Re: Are we done with draft-hoffman-ftp-uri-02.txt?

At 4:22 PM +0100 10/29/04, Graham Klyne wrote:
>I assume this reference:
>   draft-fielding-uri-rfc2396bis [2396bis]
>will be updated as this goes forward for publication?

It will be handled by the RFC Editor, yes.

>2.  Scheme Definition:
>[[
>    A FTP URL follows the standard syntax described in
>    draft-fielding-uri-rfc2396bis [2396bis].  If :<port> is omitted, the
>    port defaults to 21.
>]]
>That's the command channel port, right?  Does the FTP URI spec have 
>anything to say about the data channel port?  I guess not.

Right.

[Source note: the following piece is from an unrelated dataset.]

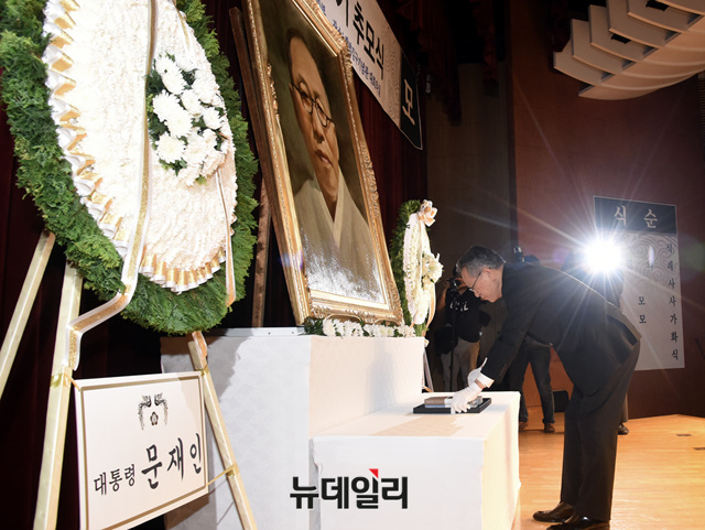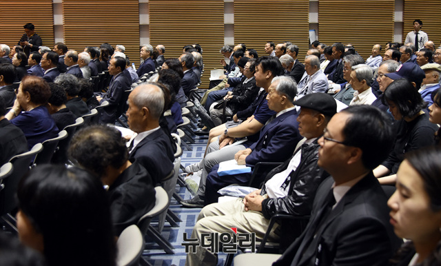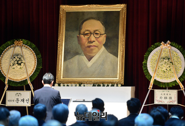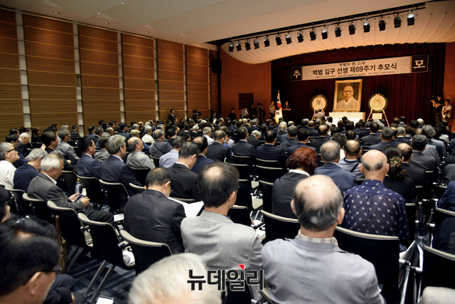 김구의 서거 69주기 추모식이 26일 오전 서울 용산구 백범김구기념관에서 열렸다. 이날 추모식에는 정세균 전 국회의장, 손학규 바른미래당 전 상임선거대책위원장, 유가족 등이 참석했다.

Should I change this to day "command channel port"?

>2.2  FTP url-path:
>[[
>    Historical note: Most FTP client implementations precede the <cwd1>
>    with a "/" before sending the CWD command.  This is arguably in
>    conflict with RFC 1738, although the practice is quite widespread.
>    Thus, a client that is presented with the URL
>    <URL:ftp://myname@example.com/abc/def> might send the two commands
>    "CWD /abc" and "RETR def" or it might send the two commands "CWD abc"
>    and "RETR def".  Server implementers should be aware of these two
>    different interpretations of the same URL.
>]]
>
>That looks like a potential security problem to me... shouldn't FTP 
>servers avoid allowing accesses outside the indicated user's area 
>(subtree)?

To which Alun replied:

>No.  If the user isn't allowed outside of his subtree, the user will not
>be allowed outside of his subtree.  He will receive access errors, or
>more likely, will already be prevented from going outside his subtree.
>Usually this is accomplished by hiding anything outside of the home
>directory, and treating all absolute path names as paths relative to the
>home directory.

Actually, I think Alun meant to start with "Yes", as in, "the servers 
should avoid that". And they do (at least every single one I have 
used does). This has nothing to do with the URI scheme. The rest of 
what Alun says matches my experience.

>I don't recall the details of how FTP works here, but is this topic 
>worth a note under security considerations?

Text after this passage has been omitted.